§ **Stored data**
[Start of Attachment]
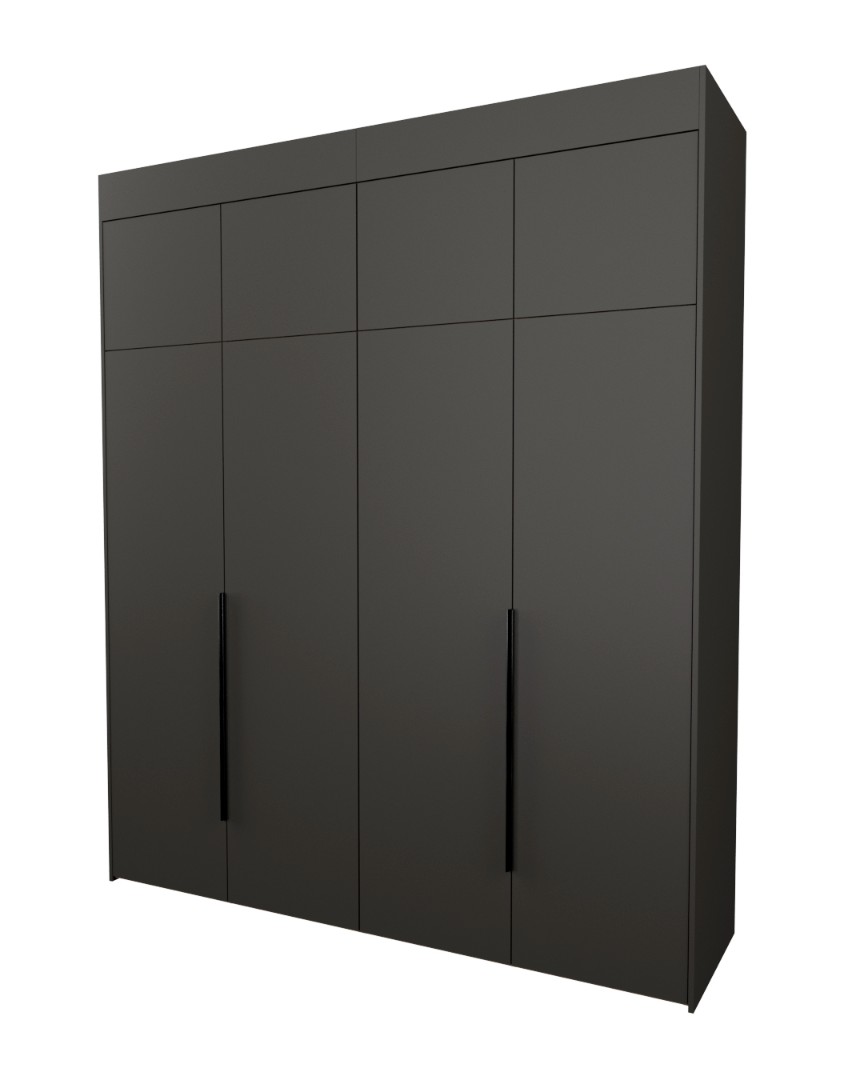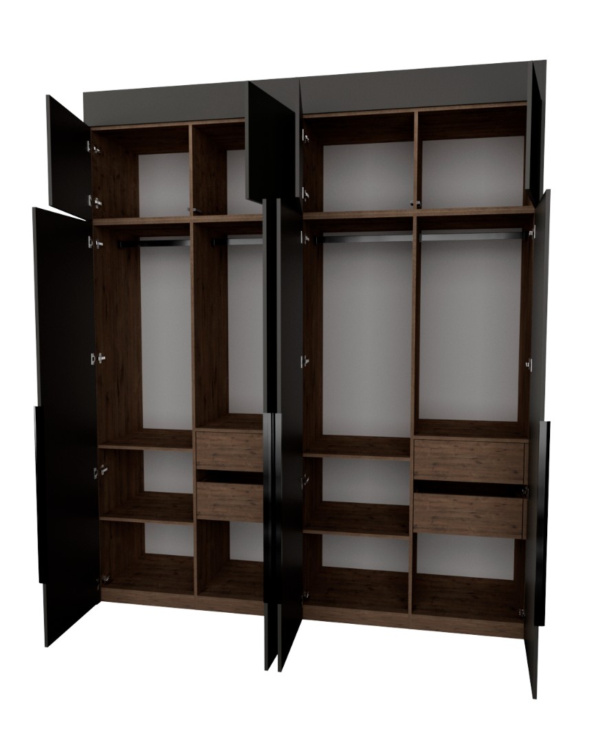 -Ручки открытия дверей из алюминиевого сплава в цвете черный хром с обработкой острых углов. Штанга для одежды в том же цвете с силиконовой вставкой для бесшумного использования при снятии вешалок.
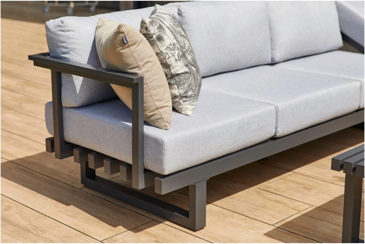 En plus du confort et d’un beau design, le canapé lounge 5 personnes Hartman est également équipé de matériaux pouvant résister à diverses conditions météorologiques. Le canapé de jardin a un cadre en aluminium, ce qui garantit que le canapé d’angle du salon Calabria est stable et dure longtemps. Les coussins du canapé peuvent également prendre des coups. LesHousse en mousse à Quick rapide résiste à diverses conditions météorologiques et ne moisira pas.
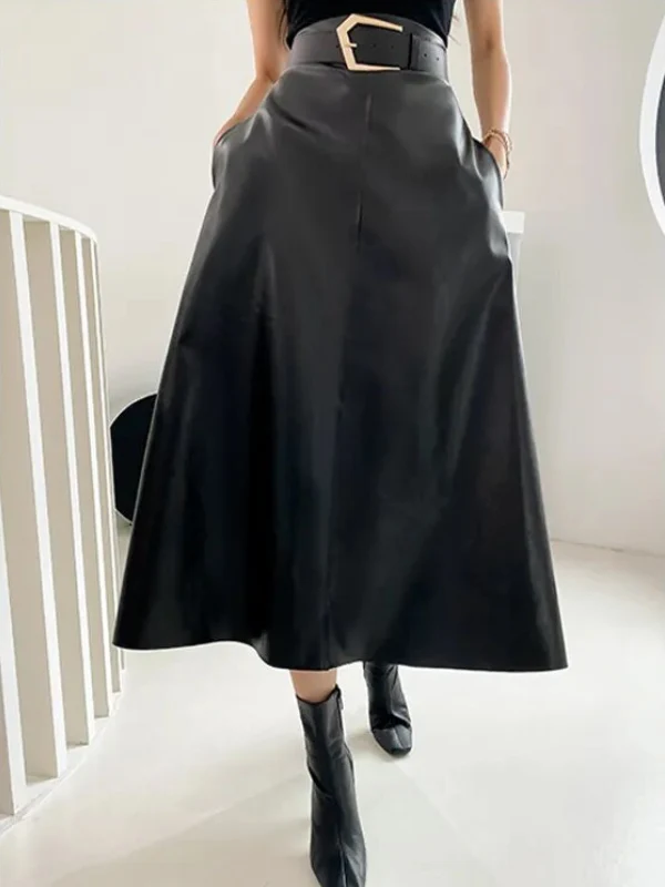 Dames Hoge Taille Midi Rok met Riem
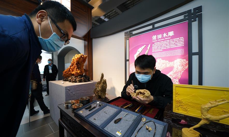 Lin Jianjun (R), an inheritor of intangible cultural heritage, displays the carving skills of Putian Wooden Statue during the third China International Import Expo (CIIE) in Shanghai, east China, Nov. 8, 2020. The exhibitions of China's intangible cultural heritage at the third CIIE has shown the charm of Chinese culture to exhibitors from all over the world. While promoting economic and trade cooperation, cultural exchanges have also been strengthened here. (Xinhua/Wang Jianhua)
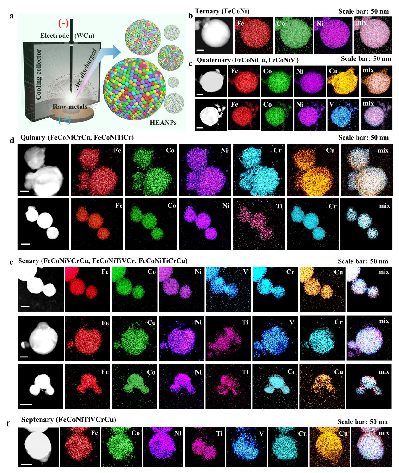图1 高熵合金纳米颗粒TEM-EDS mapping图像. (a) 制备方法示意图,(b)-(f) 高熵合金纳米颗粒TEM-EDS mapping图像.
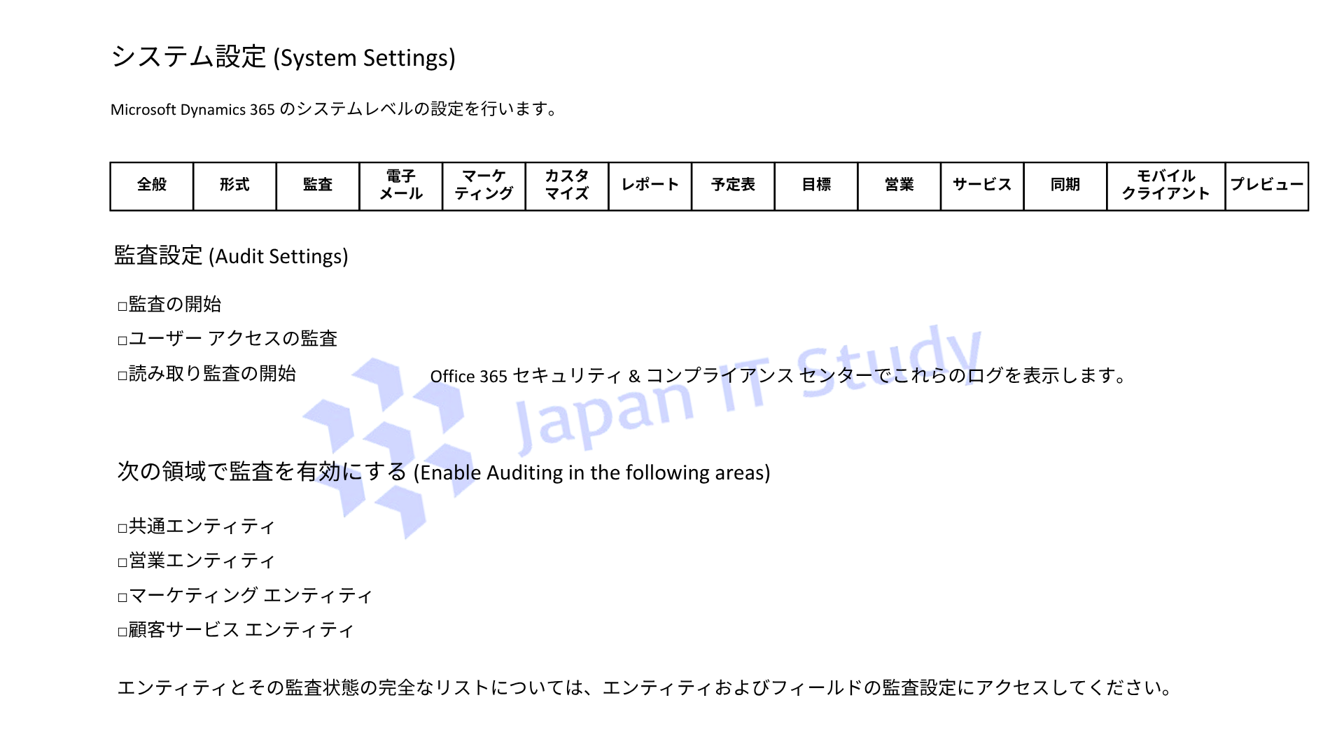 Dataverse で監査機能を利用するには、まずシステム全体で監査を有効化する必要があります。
[End of Attachment]
[Start of Attachment]
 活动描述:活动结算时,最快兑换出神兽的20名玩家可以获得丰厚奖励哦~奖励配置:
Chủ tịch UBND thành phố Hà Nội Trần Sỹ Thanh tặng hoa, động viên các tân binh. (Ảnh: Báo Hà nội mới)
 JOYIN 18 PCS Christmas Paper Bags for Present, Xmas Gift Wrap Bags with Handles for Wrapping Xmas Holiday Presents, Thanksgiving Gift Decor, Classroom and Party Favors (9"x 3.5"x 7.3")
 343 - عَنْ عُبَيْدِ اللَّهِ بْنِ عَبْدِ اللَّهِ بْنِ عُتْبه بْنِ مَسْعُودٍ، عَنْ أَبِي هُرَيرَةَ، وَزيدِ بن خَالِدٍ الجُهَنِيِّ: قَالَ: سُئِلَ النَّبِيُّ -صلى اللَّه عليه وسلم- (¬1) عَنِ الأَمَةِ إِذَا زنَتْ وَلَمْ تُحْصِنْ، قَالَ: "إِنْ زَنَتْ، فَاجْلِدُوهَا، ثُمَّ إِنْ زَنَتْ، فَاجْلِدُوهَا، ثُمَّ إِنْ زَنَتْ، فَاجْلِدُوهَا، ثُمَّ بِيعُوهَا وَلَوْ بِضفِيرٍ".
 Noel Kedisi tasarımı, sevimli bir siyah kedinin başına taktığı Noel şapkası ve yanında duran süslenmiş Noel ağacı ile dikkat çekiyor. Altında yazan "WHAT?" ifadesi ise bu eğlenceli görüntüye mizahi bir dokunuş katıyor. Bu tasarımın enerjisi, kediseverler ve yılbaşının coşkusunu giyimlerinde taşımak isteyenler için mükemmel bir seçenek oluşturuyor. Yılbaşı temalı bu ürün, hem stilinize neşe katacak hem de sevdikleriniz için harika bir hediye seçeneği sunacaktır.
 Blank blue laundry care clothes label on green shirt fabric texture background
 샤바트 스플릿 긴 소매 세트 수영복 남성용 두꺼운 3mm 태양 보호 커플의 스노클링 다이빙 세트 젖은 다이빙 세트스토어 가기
[End of Attachment]
§ **AIM OF THE EXERCISE**
Working from the entries above, reproduce exactly and only the lines beginning with the line that has "图1 高熵合金纳米颗粒TEM-EDS mapping图像." and ending with the line that has "Dataverse で監査機"; omit all pictures.

§ **RESPONSE TO THIS TASK**
图1 高熵合金纳米颗粒TEM-EDS mapping图像. (a) 制备方法示意图,(b)-(f) 高熵合金纳米颗粒TEM-EDS mapping图像.
 Dataverse で監査機能を利用するには、まずシステム全体で監査を有効化する必要があります。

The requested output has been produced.